### TASK OBJECTIVE
For the entries below, return every line from the top through the line with "ДЕЛА И СУДЬБЫ ДИРЕКТОРОВ" exactly as it stands, omitting pictures.

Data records

• • • • • • •

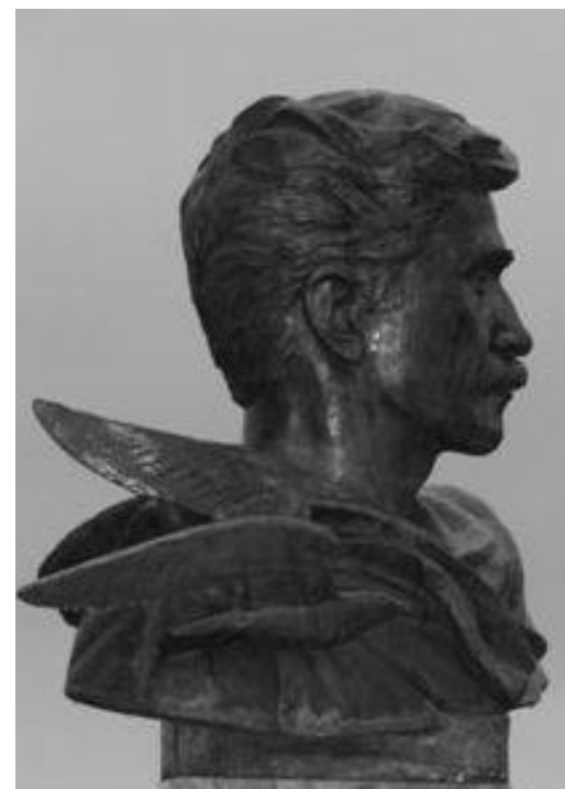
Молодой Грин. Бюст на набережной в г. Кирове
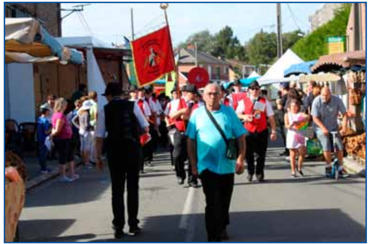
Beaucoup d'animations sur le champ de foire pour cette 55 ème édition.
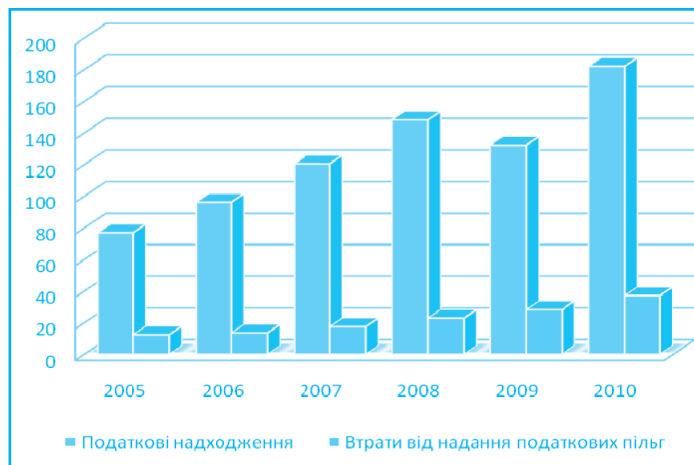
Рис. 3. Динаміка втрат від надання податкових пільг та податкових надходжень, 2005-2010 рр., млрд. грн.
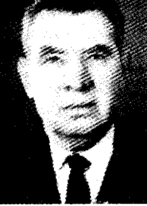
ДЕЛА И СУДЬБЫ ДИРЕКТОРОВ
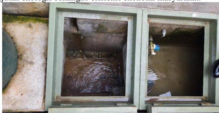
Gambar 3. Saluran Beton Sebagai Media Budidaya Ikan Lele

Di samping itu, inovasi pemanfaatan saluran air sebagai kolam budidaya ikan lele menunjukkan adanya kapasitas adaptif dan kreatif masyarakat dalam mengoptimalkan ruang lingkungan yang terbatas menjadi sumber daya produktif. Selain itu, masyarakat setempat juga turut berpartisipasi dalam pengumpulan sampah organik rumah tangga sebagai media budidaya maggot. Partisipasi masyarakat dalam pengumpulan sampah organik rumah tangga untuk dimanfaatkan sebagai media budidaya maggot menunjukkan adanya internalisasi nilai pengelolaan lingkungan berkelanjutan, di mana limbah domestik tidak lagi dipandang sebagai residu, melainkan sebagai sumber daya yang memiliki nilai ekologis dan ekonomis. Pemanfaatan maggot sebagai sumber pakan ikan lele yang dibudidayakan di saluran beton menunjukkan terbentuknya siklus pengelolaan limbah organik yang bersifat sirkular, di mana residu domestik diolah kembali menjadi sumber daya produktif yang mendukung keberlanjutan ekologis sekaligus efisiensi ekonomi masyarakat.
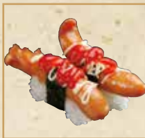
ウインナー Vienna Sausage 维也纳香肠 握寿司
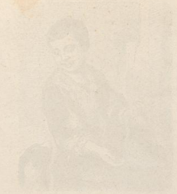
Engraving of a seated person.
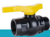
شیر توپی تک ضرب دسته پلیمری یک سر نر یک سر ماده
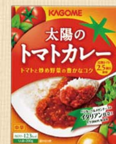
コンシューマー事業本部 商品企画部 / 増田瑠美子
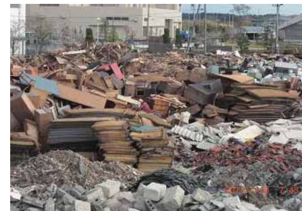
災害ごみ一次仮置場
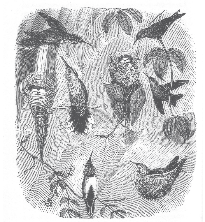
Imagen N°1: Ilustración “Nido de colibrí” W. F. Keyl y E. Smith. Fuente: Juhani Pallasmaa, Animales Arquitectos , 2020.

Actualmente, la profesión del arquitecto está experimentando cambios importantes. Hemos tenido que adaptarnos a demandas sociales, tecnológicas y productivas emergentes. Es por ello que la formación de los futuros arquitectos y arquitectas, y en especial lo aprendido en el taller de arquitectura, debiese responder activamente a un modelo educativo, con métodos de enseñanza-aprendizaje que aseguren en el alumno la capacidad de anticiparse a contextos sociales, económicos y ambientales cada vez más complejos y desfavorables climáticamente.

• • • • • • •

### RESULT OF THIS TASK
Молодой Грин. Бюст на набережной в г. Кирове
Beaucoup d'animations sur le champ de foire pour cette 55 ème édition.
Рис. 3. Динаміка втрат від надання податкових пільг та податкових надходжень, 2005-2010 рр., млрд. грн.
ДЕЛА И СУДЬБЫ ДИРЕКТОРОВ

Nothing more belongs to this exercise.